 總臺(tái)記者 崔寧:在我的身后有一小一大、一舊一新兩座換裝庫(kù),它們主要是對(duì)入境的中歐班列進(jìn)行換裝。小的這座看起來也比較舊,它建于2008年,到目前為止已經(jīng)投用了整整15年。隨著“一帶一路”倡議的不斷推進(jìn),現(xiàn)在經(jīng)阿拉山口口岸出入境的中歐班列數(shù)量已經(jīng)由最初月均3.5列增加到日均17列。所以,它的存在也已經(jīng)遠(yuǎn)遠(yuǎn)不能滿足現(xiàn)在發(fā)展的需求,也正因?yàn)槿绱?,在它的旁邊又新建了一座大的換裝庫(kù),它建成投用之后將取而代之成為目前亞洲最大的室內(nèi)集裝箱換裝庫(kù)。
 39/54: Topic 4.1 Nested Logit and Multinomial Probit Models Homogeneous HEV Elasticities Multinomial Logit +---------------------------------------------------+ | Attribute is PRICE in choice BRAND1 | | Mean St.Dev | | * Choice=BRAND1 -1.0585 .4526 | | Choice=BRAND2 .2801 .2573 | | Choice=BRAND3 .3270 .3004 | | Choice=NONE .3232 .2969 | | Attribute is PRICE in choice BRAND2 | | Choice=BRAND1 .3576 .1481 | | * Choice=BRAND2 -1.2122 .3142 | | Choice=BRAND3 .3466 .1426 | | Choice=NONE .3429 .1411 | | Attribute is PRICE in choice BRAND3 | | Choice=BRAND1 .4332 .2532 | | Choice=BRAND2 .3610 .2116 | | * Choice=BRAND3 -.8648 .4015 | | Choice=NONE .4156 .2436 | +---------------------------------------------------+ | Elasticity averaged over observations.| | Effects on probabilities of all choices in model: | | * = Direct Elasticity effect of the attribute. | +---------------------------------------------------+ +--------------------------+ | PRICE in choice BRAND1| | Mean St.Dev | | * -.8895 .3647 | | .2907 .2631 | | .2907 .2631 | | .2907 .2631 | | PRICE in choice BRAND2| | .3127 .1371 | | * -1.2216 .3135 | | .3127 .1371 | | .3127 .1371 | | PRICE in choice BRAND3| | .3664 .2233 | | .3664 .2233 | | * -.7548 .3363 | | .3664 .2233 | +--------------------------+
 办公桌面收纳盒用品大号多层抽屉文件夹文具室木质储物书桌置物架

________________

YOUR INSTRUCTIONS
Each line of the listing has to be reproduced exactly.

EXERCISE ANSWER
 總臺(tái)記者 崔寧:在我的身后有一小一大、一舊一新兩座換裝庫(kù),它們主要是對(duì)入境的中歐班列進(jìn)行換裝。小的這座看起來也比較舊,它建于2008年,到目前為止已經(jīng)投用了整整15年。隨著“一帶一路”倡議的不斷推進(jìn),現(xiàn)在經(jīng)阿拉山口口岸出入境的中歐班列數(shù)量已經(jīng)由最初月均3.5列增加到日均17列。所以,它的存在也已經(jīng)遠(yuǎn)遠(yuǎn)不能滿足現(xiàn)在發(fā)展的需求,也正因?yàn)槿绱?,在它的旁邊又新建了一座大的換裝庫(kù),它建成投用之后將取而代之成為目前亞洲最大的室內(nèi)集裝箱換裝庫(kù)。
 39/54: Topic 4.1 Nested Logit and Multinomial Probit Models Homogeneous HEV Elasticities Multinomial Logit +---------------------------------------------------+ | Attribute is PRICE in choice BRAND1 | | Mean St.Dev | | * Choice=BRAND1 -1.0585 .4526 | | Choice=BRAND2 .2801 .2573 | | Choice=BRAND3 .3270 .3004 | | Choice=NONE .3232 .2969 | | Attribute is PRICE in choice BRAND2 | | Choice=BRAND1 .3576 .1481 | | * Choice=BRAND2 -1.2122 .3142 | | Choice=BRAND3 .3466 .1426 | | Choice=NONE .3429 .1411 | | Attribute is PRICE in choice BRAND3 | | Choice=BRAND1 .4332 .2532 | | Choice=BRAND2 .3610 .2116 | | * Choice=BRAND3 -.8648 .4015 | | Choice=NONE .4156 .2436 | +---------------------------------------------------+ | Elasticity averaged over observations.| | Effects on probabilities of all choices in model: | | * = Direct Elasticity effect of the attribute. | +---------------------------------------------------+ +--------------------------+ | PRICE in choice BRAND1| | Mean St.Dev | | * -.8895 .3647 | | .2907 .2631 | | .2907 .2631 | | .2907 .2631 | | PRICE in choice BRAND2| | .3127 .1371 | | * -1.2216 .3135 | | .3127 .1371 | | .3127 .1371 | | PRICE in choice BRAND3| | .3664 .2233 | | .3664 .2233 | | * -.7548 .3363 | | .3664 .2233 | +--------------------------+
 办公桌面收纳盒用品大号多层抽屉文件夹文具室木质储物书桌置物架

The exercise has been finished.